Provided records -
################

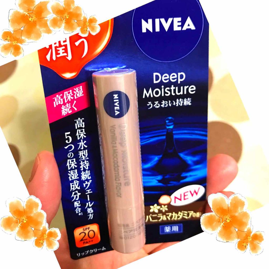 唇ふっくら、しっかり保湿力が続く♪ NIVEA DEEP Moisture SPF26 PA++ バニラ&マカデミアの香り 潤いの持続力があるから日中も唇の乾燥を気にせず過ごせるし、口紅のノリも良い感じ💄 保湿成分にはちみつ🍯やローヤルゼリーエキスが配合されてて、夜はリップパック代わりにもなる☺️
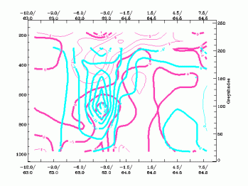 14 November 2004/00.00 UTC - Vertical cross section; magenta thin: divergence, magenta thick: convergence, cyan
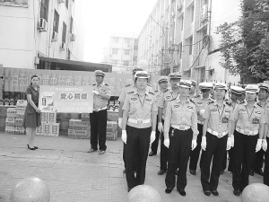 6月22日,广州白云山和记黄埔中药有限公司驻周办全体成员代表公司,向周口交警表示暑期慰问,并送去口炎清颗粒、凉茶等物品。
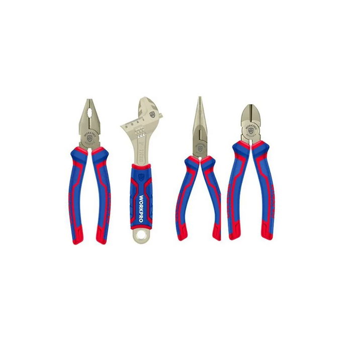 Набор инструментов WORKPRO WP201009 4шт (ключ разводной/длинногубцы/бокорезы/пассатижи)
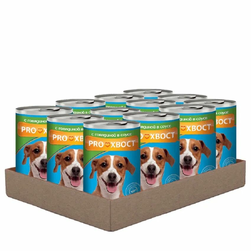 10 цен на В соусе консервы прохвост для собак говядина (цена за упаковку) 415г х 12шт
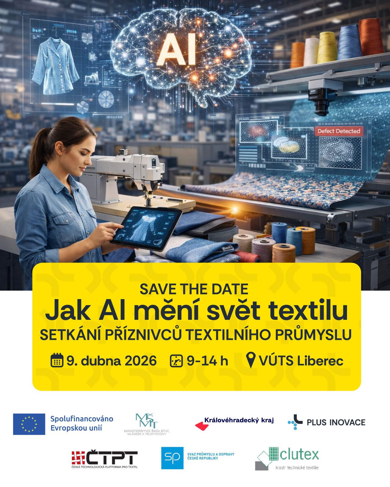 Akci připravujeme spolu s Svaz průmyslu a dopravy ČR / Confederation of Industry CZ, ČTPT - Česká technologická platforma pro textil, z.s. a CLUTEX - klastr technické textilie, z.s.
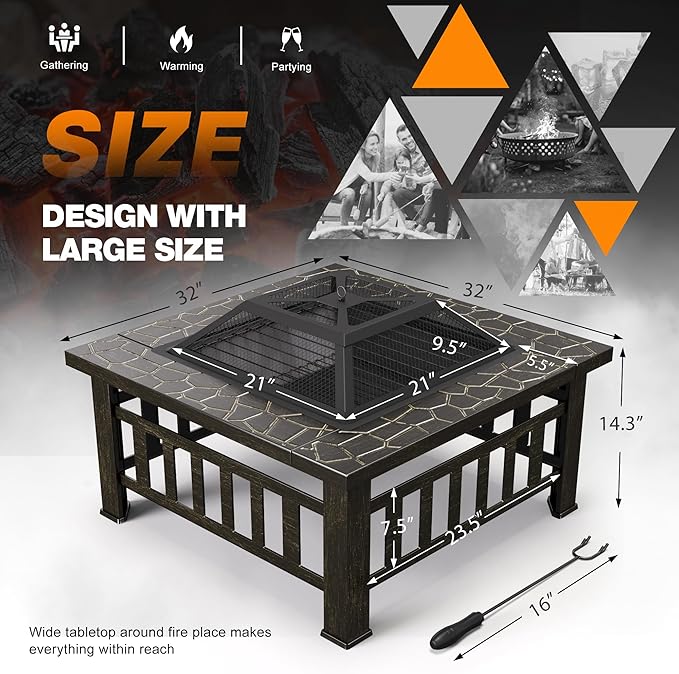 • [ Reliable Security ]: Firepit table features square design with sturdy legs for stability, while the mesh spark screen and poker provided effectively prevent sparks from flying and safely move the grill.
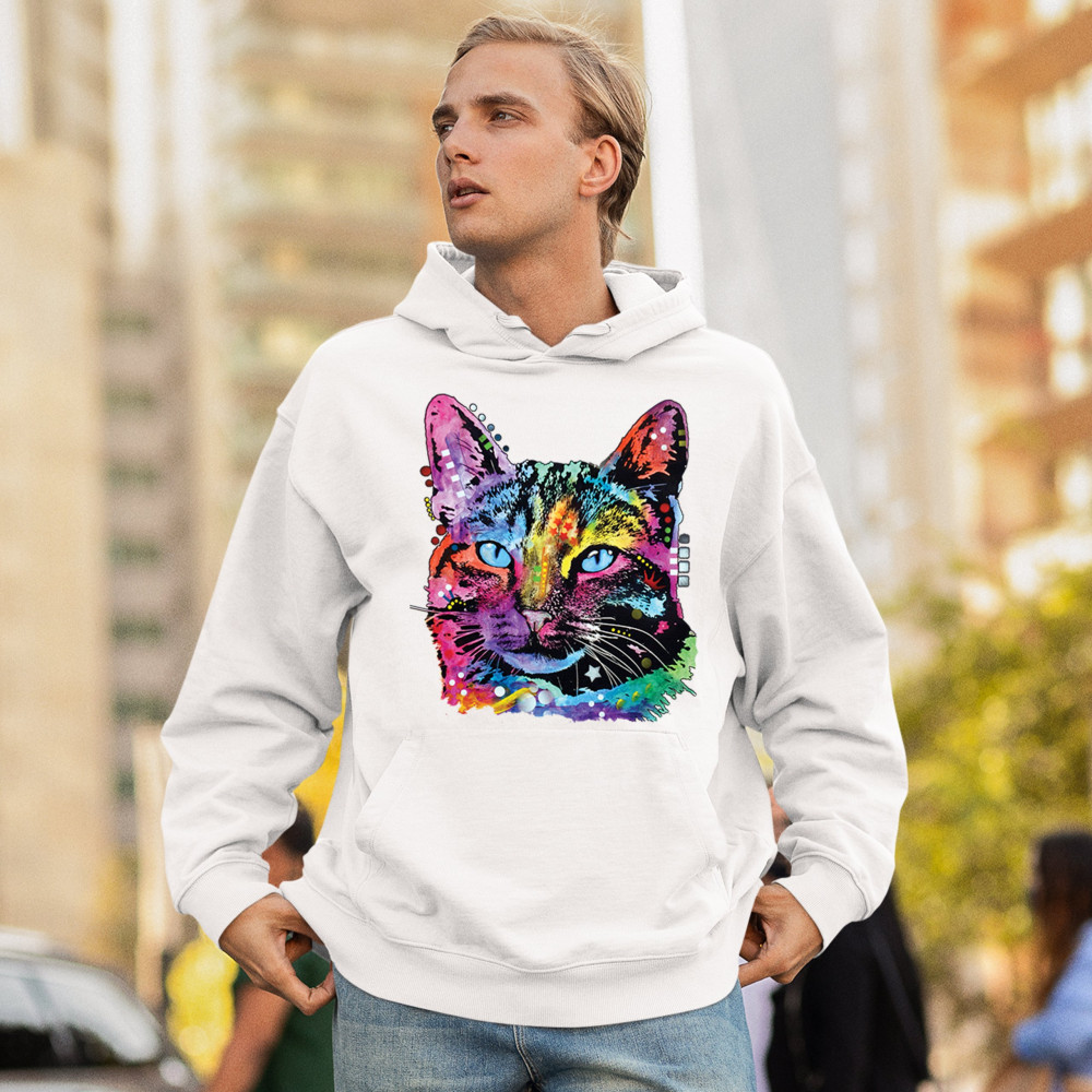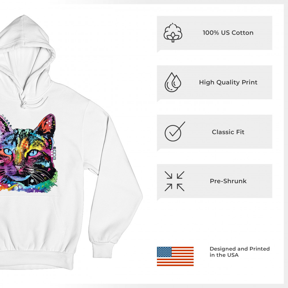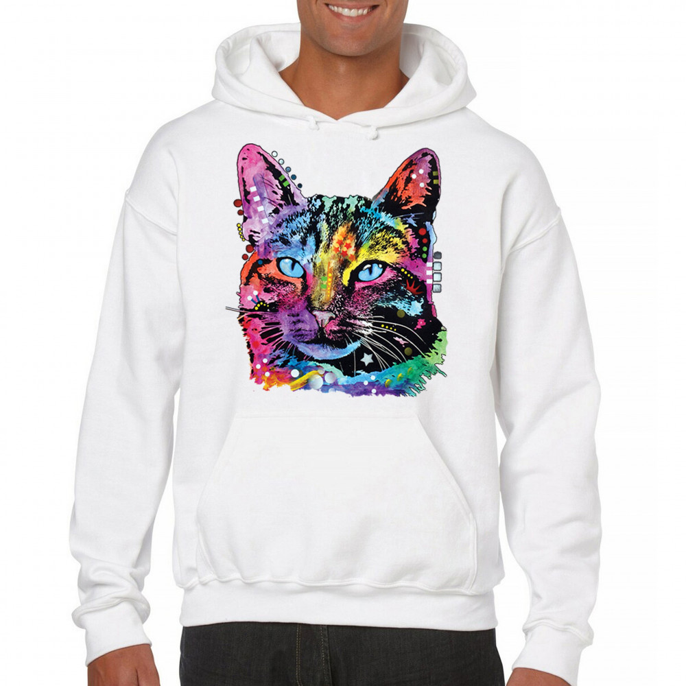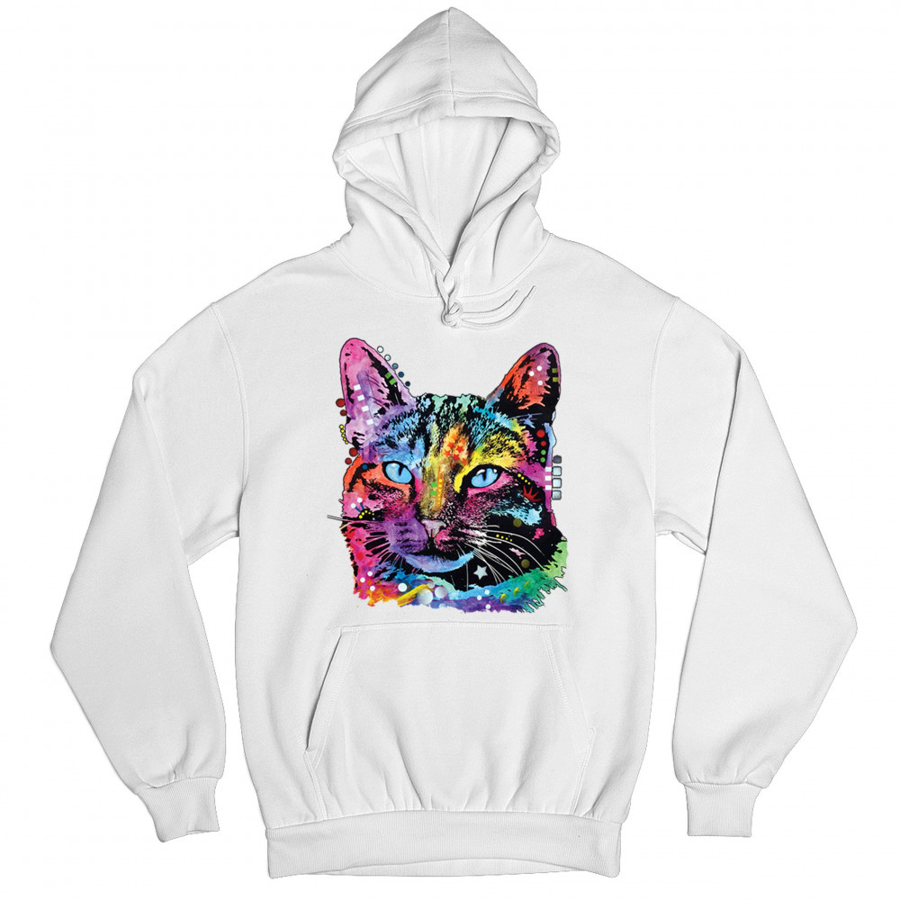 DEAN RUSSO THOUGHTFUL CAT sweatshirt colorful pet kitten eyes hoodie white
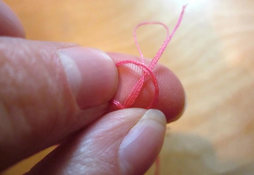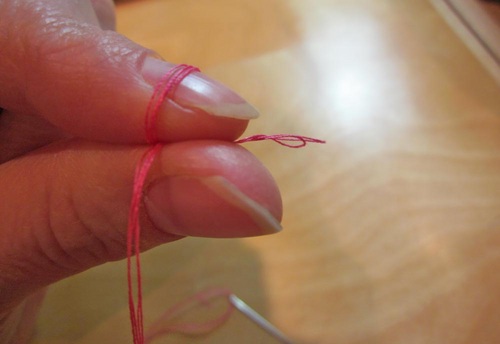 - Knot the thread ends and loop. To make this knot, bring all four strands together between your fingers so you can treat the four as one.
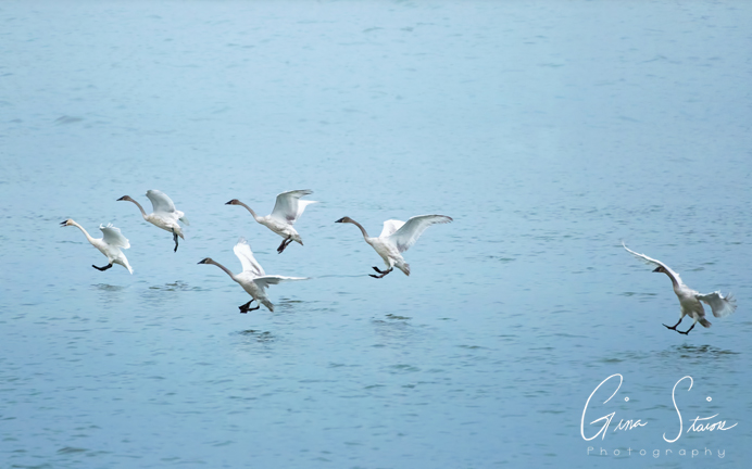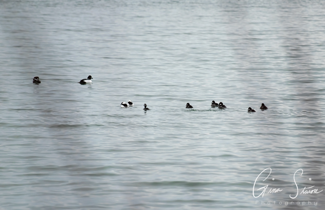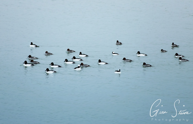 A flock of birds consisting of long-tailed ducks, common goldeneyes, and buffleheads swim atop a calm lake during winter in Toronto, Ontario, Canada. A group of trumpeter swans make their landing in almost unison.
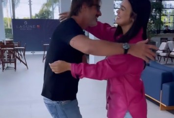 Larissa encontra pai de Bruna Griphao fora do BBB 23
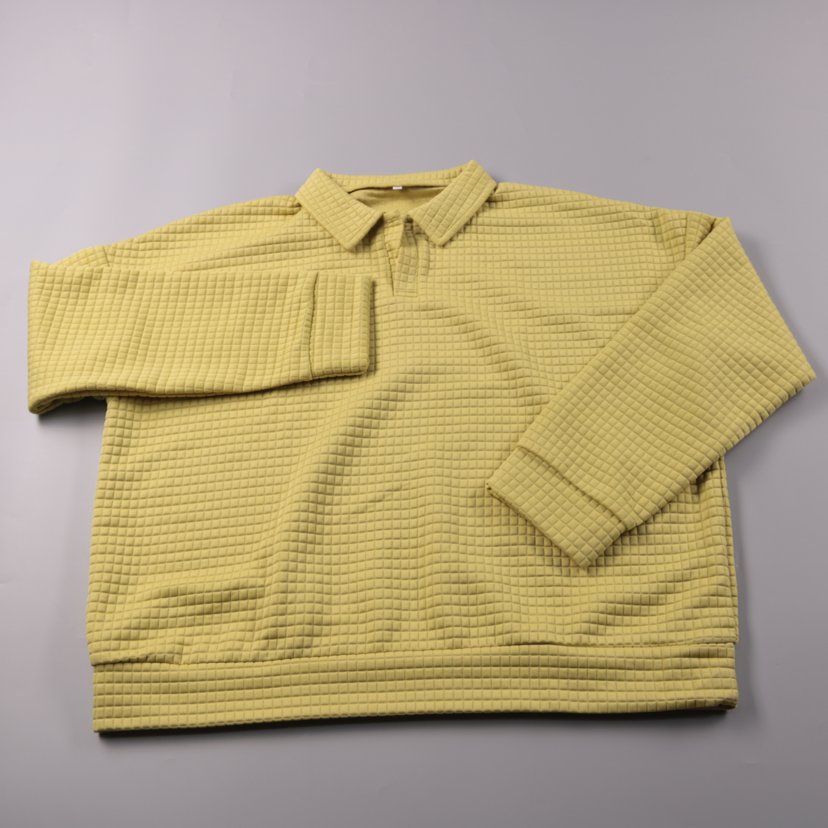 Мужское поло с длинным рукавом из фактурного вафельного трикотажа, без указания бренда. Подойдёт для повседневной носки и образов в стиле casual в межсезонье и прохладным летом. Материал практичный: полиэстер быстро сохнет и меньше мнётся.
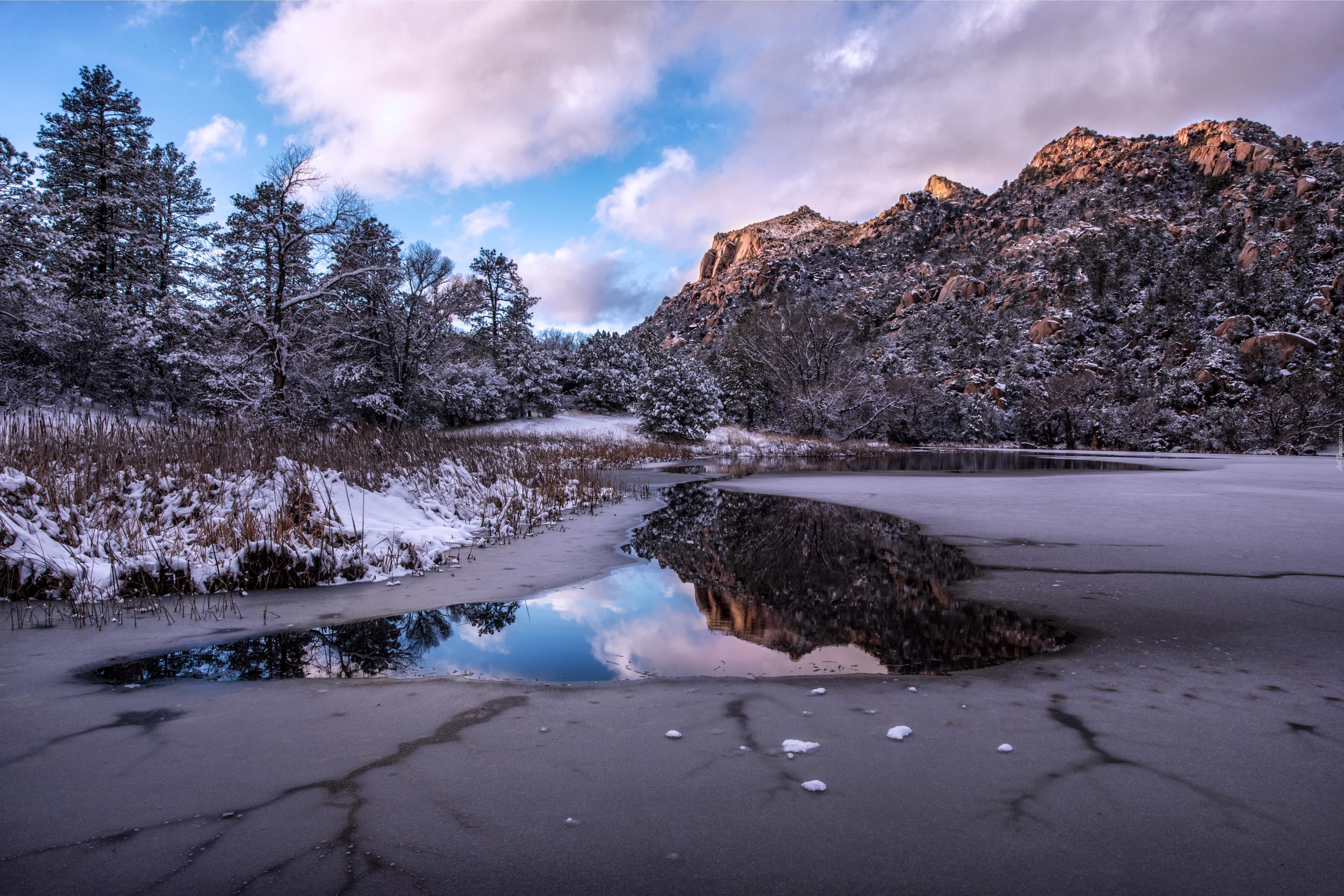 Edytor tapety: Zima, Góry, Jezioro, Las, Obłoki
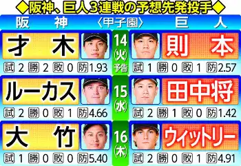 好相性の聖地で宿敵を迎え撃つ。甲子園での同戦は23年9月14日から6連勝中。プロ初勝利の相手も巨人で、通算では12試合8勝2敗、防御率1・51を誇る。新助っ人や好調の中軸を警戒しながらも、自らのスタイルを変えるつもりはない。「いつも通りに行きます」と冷静に見据えた。
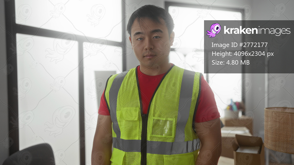 Young man holding money in new home interior wearing safety vest, showcasing happy expression amidst moving boxes, embodying success and construction themes. - Kraken Images
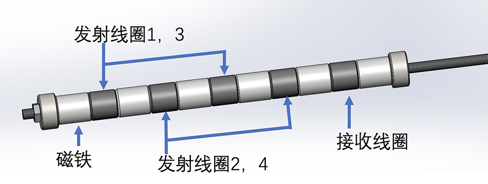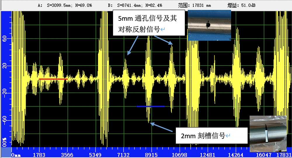 使用一种长距离传输的导波进行螺旋管的检测,并开发一款对针管径的内置组合探头实现内探,并开发相应软件进行不同材料的声速与距离标定。
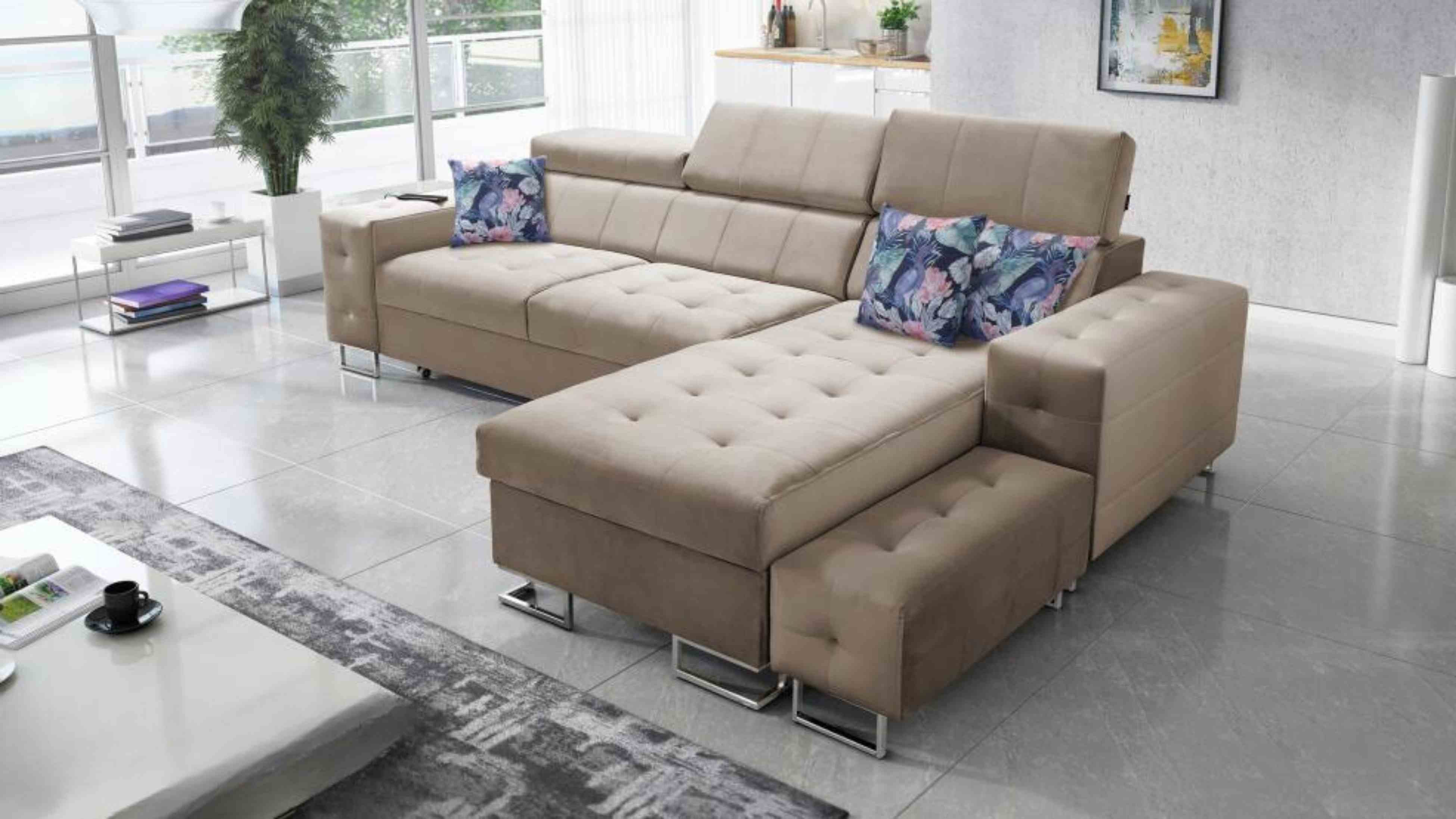 Das Staufach bietet viel Platz für Bettwäsche, Kissen, Decken und andere Haushaltsgegenstände und sorgt so für Ordnung und ein aufgeräumtes Wohnzimmer. Die hochwertige Konstruktion mit Wellenfedern, T-30-Schaum und einem luxuriösen Stoffbezug garantiert außergewöhnlichen Sitzkomfort und Schlafkomfort über Jahre hinweg.

################

What the task asks -
Leaving out the pictures, print each line of the records above from the first up to and including the one that contains "10 цен на В", exactly as written.

Solution to this task -
 唇ふっくら、しっかり保湿力が続く♪ NIVEA DEEP Moisture SPF26 PA++ バニラ&マカデミアの香り 潤いの持続力があるから日中も唇の乾燥を気にせず過ごせるし、口紅のノリも良い感じ💄 保湿成分にはちみつ🍯やローヤルゼリーエキスが配合されてて、夜はリップパック代わりにもなる☺️
 14 November 2004/00.00 UTC - Vertical cross section; magenta thin: divergence, magenta thick: convergence, cyan
 6月22日,广州白云山和记黄埔中药有限公司驻周办全体成员代表公司,向周口交警表示暑期慰问,并送去口炎清颗粒、凉茶等物品。
 Набор инструментов WORKPRO WP201009 4шт (ключ разводной/длинногубцы/бокорезы/пассатижи)
 10 цен на В соусе консервы прохвост для собак говядина (цена за упаковку) 415г х 12шт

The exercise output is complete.